Anna is a city in the U.S. state of Texas. Located in Collin County, its population was 16,896 at the 2020 U.S. census.

History
Following the American Civil War, the Houston and Texas Central Railway resumed laying track north from Corsicana and passed through the area in 1872. By the time Anna was platted in 1883, it had a population of 20, two stores, a steam gristmill, and a Baptist church. A post office also opened in that year. In 1885, the railroad built a depot.

By 1890 the town had a population of nearly 200. Anna was incorporated in 1913, with John L. Greer as first mayor.

Local historian Chester A. Howell compiled a brief history of Anna for inclusion in a book, A Town Named Anna, that was given to those who attended the Anna school homecoming on October 19, 1985. A one-page list of errata to correct some minor errors was added in 1989. In 2018, the Anna Area Historical Preservation Society published, "The Spark That Ignited The Town Of Anna" (), a collection of stories and pictures of early Anna, Texas.
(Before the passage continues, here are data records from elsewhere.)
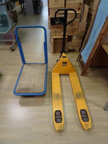 Transpallet + metalen transportkar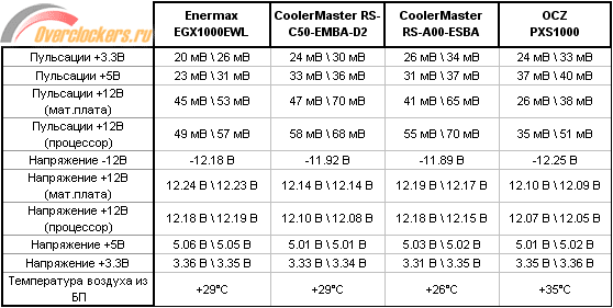 В этом разделе пока никаких изменений с предыдущими обзорами блоков питания нет. Измерения пульсаций блоков питания производились с помощью четырехканального осциллографа Tektronix 2246-1Y с максимальной полосой пропускания сигнала 100 МГц, чего со значительном запасом достаточно для выявления всех возможных помех. При превышении основных силовых напряжений (+3.3, +5 и +12) исправно выключались, предотвращая возможность повреждений. Блоки Enermax Galaxy DXX и OCZ ProXStream четко отключались при возникновении коротких замыканий на всех основных линиях, при этом Enermax сигнализировал двумя короткими звуковыми сигналами. Блок CoolerMaster отключался при КЗ на линии +5 и +3.3В, однако при замыкании +12В легко достигал величины более 35А. Для приближения результатов тестирования к реальным условиям использования в ПК был использован системный блок следующей конфигурации: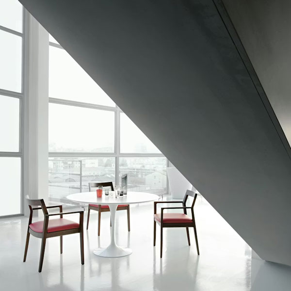 Nel suo approccio purista all’architettura e al design, Eero Saarinen cercò l’idea essenziale e la ridusse alla soluzione strutturale più efficace. Uno degli esempi più emblematici è il design a una gamba della sua collezione Pedestal. Questi pezzi maestosi e disinvolti nascono dal suo desiderio di eliminare la confusione causata dalla “bassa concentrazione di gambe” sotto sedie e tavoli tipici. Il tavolo Pedestal e la sedia Tulip che lo accompagna sono diventati da allora simboli del design moderno di metà secolo e pilastri della tradizione progettuale di Knoll.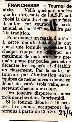 Tournoi de sixte - La Montagne du 27 avril 1987

The Houston and Texas Central Railway extended its track in a north–south route several miles east of Mantua in 1872. Mantua soon declined in favor of the new railroad towns of Van Alstyne (Grayson County) and Anna which developed here in early 1880s.

Namesake
The town was named in honor of Miss Anna Quinlan, daughter of George A. Quinlan, superintendent of the Houston and Texas Central Railroad.
Anna Elizabeth Quinlan was born on September 8, 1878, to George Austin Quinlan and Mary Kate (Saunders) Quinlan. She had one sibling, George Austin Quinlan, Jr. born October 10, 1880. Anna married Edward Tom Randle of Dallas on June 2, 1902, in Washington, D.C. Edward was an attorney and, they moved to Dallas following his graduation from Georgetown College. Edward died on December 1, 1918. Following her husband’s death, Anna moved to Wauwatosa, Wisconsin, and later to Libertyville, Illinois, apparently to be near her brother, George. Anna never remarried and died childless in 1952.

First Christian Church of Anna

Liberty Christian Church (Disciples of Christ), one of the earliest Christian Churches in Texas, was founded in northern Collin County by pioneer settlers Collin McKinney and J. B. Wilmeth in 1846. In 1854, a Christian seminary was established by members of the Liberty congregation about two miles northwest of Anna in the (then) newly established community of Mantua.
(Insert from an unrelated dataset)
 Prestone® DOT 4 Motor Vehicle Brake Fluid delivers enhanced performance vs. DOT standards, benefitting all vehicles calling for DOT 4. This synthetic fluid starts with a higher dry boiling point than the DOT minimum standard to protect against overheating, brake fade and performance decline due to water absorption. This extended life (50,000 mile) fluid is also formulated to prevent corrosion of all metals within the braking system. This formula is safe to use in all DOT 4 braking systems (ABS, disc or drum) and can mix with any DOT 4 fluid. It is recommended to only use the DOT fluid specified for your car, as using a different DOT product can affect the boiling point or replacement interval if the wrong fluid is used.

According to local tradition Mantua's Christian congregation split between the two new communities. Former Mantua church members and early Anna resident Rebecca Sherley helped organize the First Christian Church of Anna in 1882. The Rev. Alf Douglas served as first Pastor. Services were held in the Sherley home until it burned in 1886. About 1890 the sanctuary was built here at the site of the former Sherley home. Major additions to the rear of the sanctuary were completed in 1949.

A. Sherley and Brother Hardware Store

Lewis and Pauline Sherley moved to north Texas from Kentucky about 1853. Their grandsons, brothers Andrew and William Sherley, opened a hardware store in 1894. William Sherley died in 1894 and, his son, Fred bought out his father's share of the store. It remained in the family after the store closed in 1979. Over time they were undertakers as well as purveyors of furniture, farming implements and machinery, wagons, cotton, grain and groceries. Wagon-weighing scales in front of the building were removed when the road was widened. The structure is a fine example of an early Texas commercial building, retaining the original canopy and painted signs. Minimal Victorian-era detailing includes corbelled brickwork in the parapet and paneled kickplates on storefront display windows.

Tornado
On May 9, 2006, a storm producing two tornadoes swept across Anna, with the first tornado (F0) passing  east of the high school, barely missing the incorporated city limits. The second tornado (F3) touched down in neighboring Westminster and Whitewright, destroying many homes and killing three. During the disaster, several volunteers from Collin County Amateur Radio Services worked with the National Weather Service in a Skywarn net. The Anna police and fire departments along with the American Red Cross opened Anna High School up as a shelter to the "walking wounded" and anyone who needed a place to stay due to the road blockages and damage in that area. The tornadoes could be seen from Anna, Van Alstyne, and Melissa, and power was knocked out to several homes in the area.

Geography
Anna is located in northern Collin County at . U.S. Route 75 freeway passes through the west side of the city and leads  southwest to the center of Dallas and  north to Denison.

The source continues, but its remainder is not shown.